IRS clarifies tax rules for state and DC Paid Family and Medical Leave (PFML) programs: What employers need to know
What’s new?
The IRS issued Revenue Ruling 2025-4, updated by Notice 2026-6, which explains how to handle federal taxes for contributions to — and benefits from — state and DC PFML programs. This guidance covers 14 states plus Washington, DC, where private employers must comply with PFML laws.
Key takeaways for employers:
- Employee contributions: Required employee contributions to state PFML programs are withheld after tax. These amounts are included in employees’ gross income and subject to federal income tax, Social Security, Medicare, and unemployment taxes. Employees may be able to deduct these contributions on their state income tax returns, subject to limits.
- Employer contributions: Required employer contributions are deductible as a business expense but are not included in employees’ taxable income.

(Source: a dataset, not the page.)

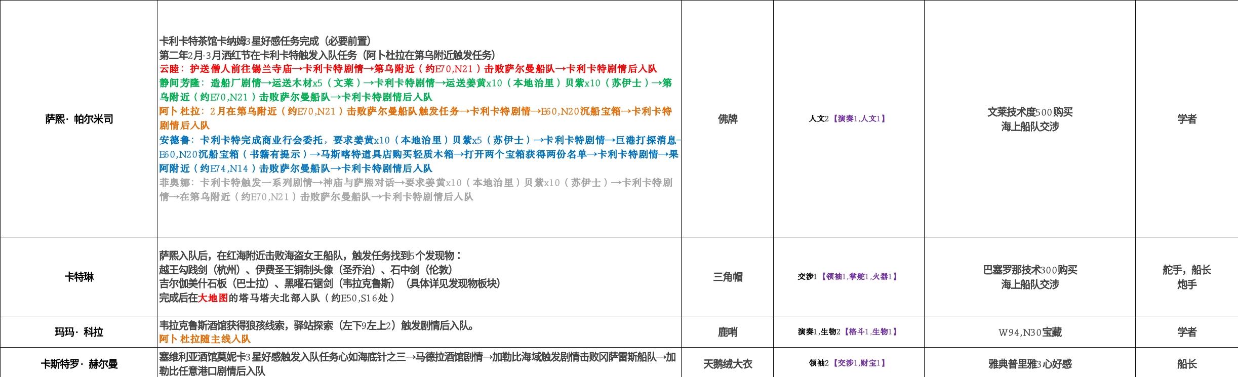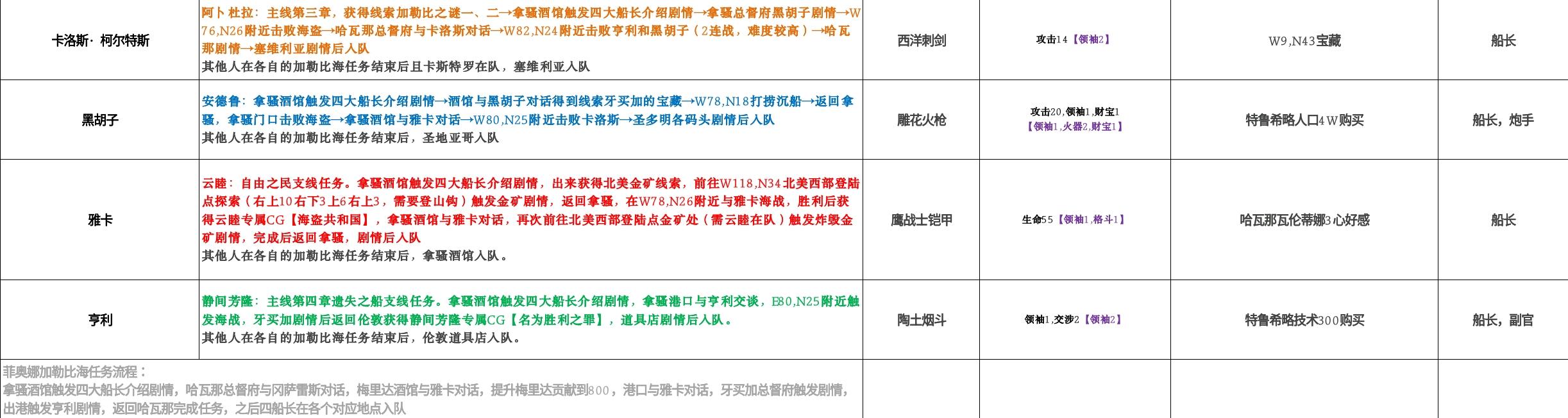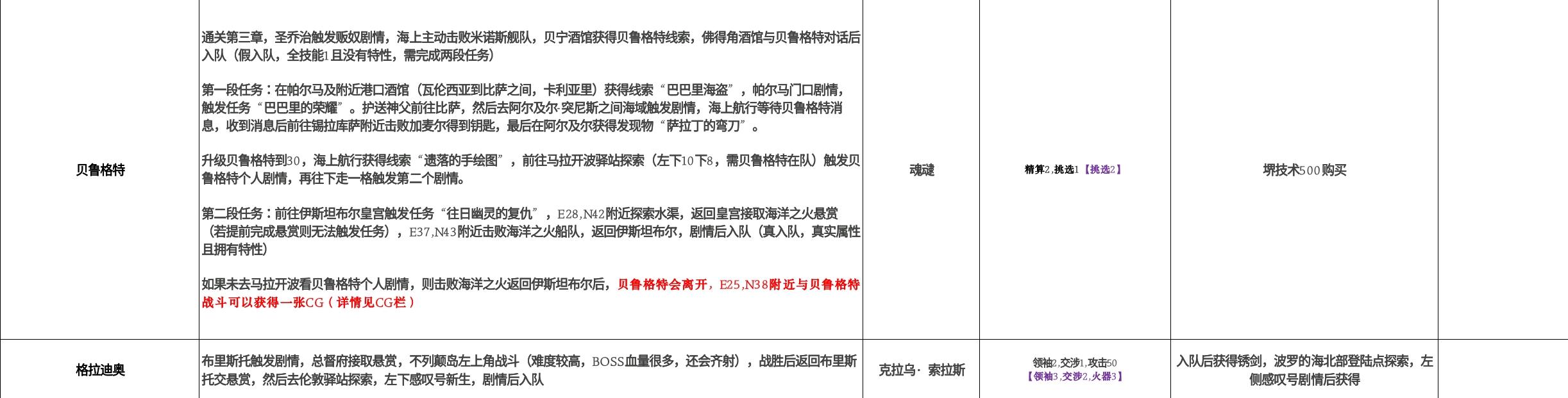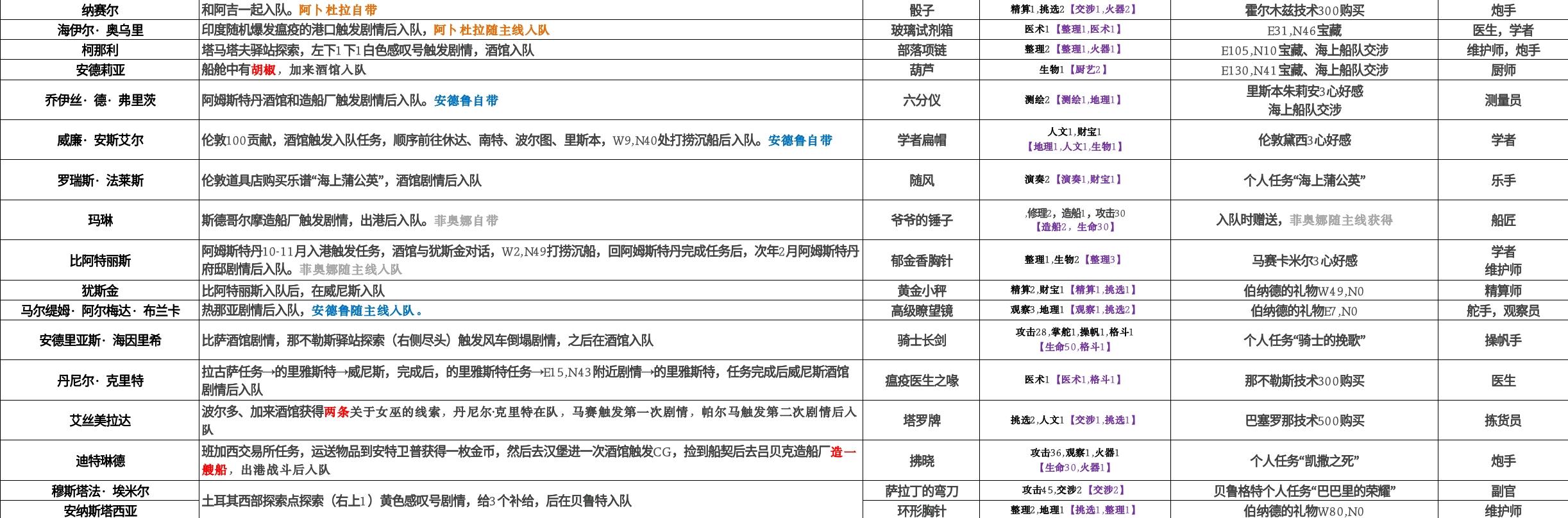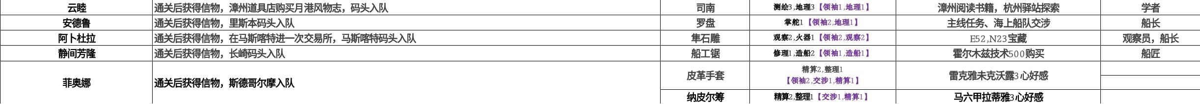 表格从左到右顺序为:名字、入队方法、专属装备、效果、专属装备获取方式、角色建议职业。

- Voluntary employer contributions: If an employer chooses to pay some or all of the employee’s required contribution (called an “employer pick-up”), this amount is treated as taxable wages for the employee and subject to all applicable federal taxes.
- Benefit payments:
- Family leave benefits are taxable income but not subject to Social Security, Medicare, or unemployment tax withholding. States must issue Form 1099 for benefits over $600.
- Medical leave benefits are partially taxable depending on who paid the contributions. Benefits tied to employee contributions are generally tax-free, while those tied to employer contributions are taxable wages.
Transitional relief for 2025 and 2026
To ease the transition, the IRS is providing temporary relief from penalties for certain tax withholding and reporting requirements through 2026. However, employer pick-up contributions made in 2026 must be treated as taxable wages.
What employers should do now
- Review and update payroll systems to correctly withhold and report PFML contributions and benefits.
- Communicate clearly with employees about how PFML contributions and benefits affect their taxes.
- Train HR and payroll staff on the new rules.
- Stay alert for additional guidance from state PFML administrators and the IRS, especially if you offer private PFML plans instead of participating in state programs.
- 69% say that improving administration of FML and other leaves is a priority.
Why This Matters
With PFML programs expanding, understanding these tax rules helps employers avoid costly mistakes and ensures employees receive accurate tax information. Proper compliance also supports smooth administration of leave benefits and payroll.
For more detailed information, employers can refer to IRS Revenue Ruling 2025-4 and Notice 2026-6, or consult with tax professionals.